De Nederlandse werkloosheid is flink gestegen in een jaar tijd. Vergeleken met andere eurolanden valt het met de jeugdwerkloosheid nog redelijk mee.

Het percentage werklozen op de beroepsbevolking in de eurozone is gedaald van 11,8 procent in maart tot 11,7 procent in april.

Dat maakte het Europese bureau voor de statistiek Eurostat dinsdag bekend. In april 2013 zat nog 12 procent van de beroepsbevolking zonder werk.

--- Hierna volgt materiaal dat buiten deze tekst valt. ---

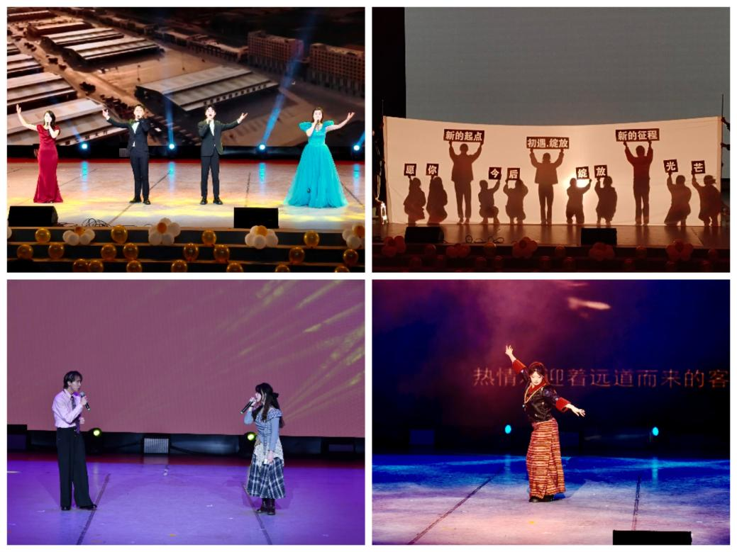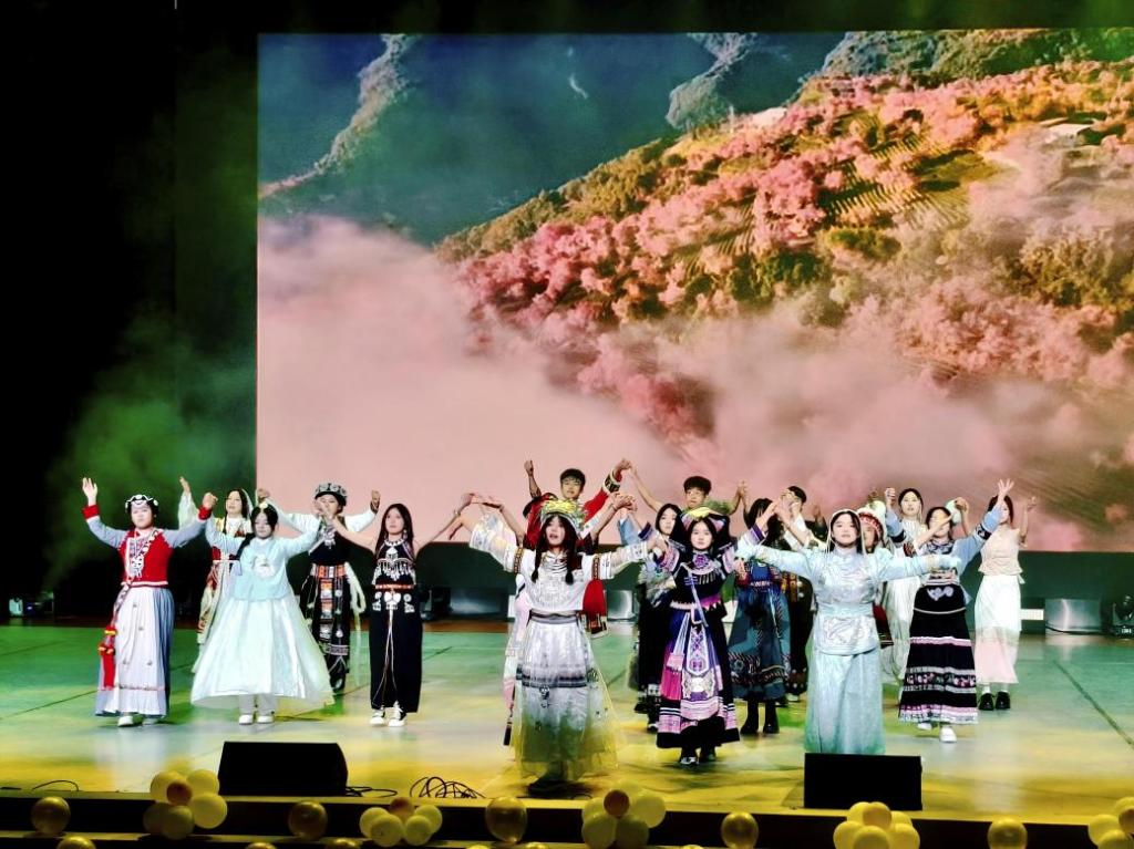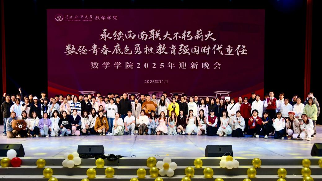 晚会尾声,一场充满云南民族风情的视觉盛宴如期而至!央金梅朵锅庄队与 25C 班学子联袂登台,色彩斑斓的民族服饰在灯光下熠熠生辉,灵动奔放的舞姿交织成最美的画卷。无论是锅庄舞中整齐划一的踏步、舒展洒脱的挥袖,还是民族打跳里欢快热烈的互动、节奏感十足的律动,都将彝族、藏族等民族文化的独特韵味展现得淋漓尽致。最后,四位主持人携手全体表演者登台,寄语新生将联大精神融入校园生活,用数理智慧照亮青春征程。晚会在持久的热烈掌声中圆满落幕。

Eurostat schat dat in april bijna 25,5 miljoen mensen in de 28 landen van de Europese Unie werkloos waren, waarvan 18,75 miljoen in de eurolanden. Ten opzichte van maart nam het aantal werklozen in de EU met 151.000 af en in de eurolanden was sprake van een daling van 76.000.

Stijging werkloosheid in Nederland

Oostenrijk (4,9 procent), Duitsland (5,2 procent) en Luxemburg (6,1 procent) hadden de laagste werkloosheidspercentages, terwijl de werkloosheid opnieuw het hoogst was in Griekenland (26,5 procent) en Spanje (25,1 procent).

Nederland kende, na Cyprus, de sterkste stijging van de werkloosheid op jaarbasis, van 6,5 naar 7,2 procent. In Cyprus liep de werkloosheid op van 15,6 naar 16,4 procent.

Jeugdwerkloosheid: drama in Griekenland en Spanje

Nederland scoorde stukken beter als het gaat om de jeugdwerkloosheid.

De 11 procent van de Nederlandse jongeren onder 25 jaar die zonder werk zat in april was weliswaar een fors percentage, maar wel het laagste in de eurozone na Duitsland (7,9 procent) en Oostenrijk (9,5 procent). Ook hier waren Griekenland (56,9 procent) en Spanje (53,5 procent) de uitschieters in negatieve zin.

De jeugdwerkloosheid in de gehele eurozone bedroeg in april 23,5 procent en in de EU 22,5 procent.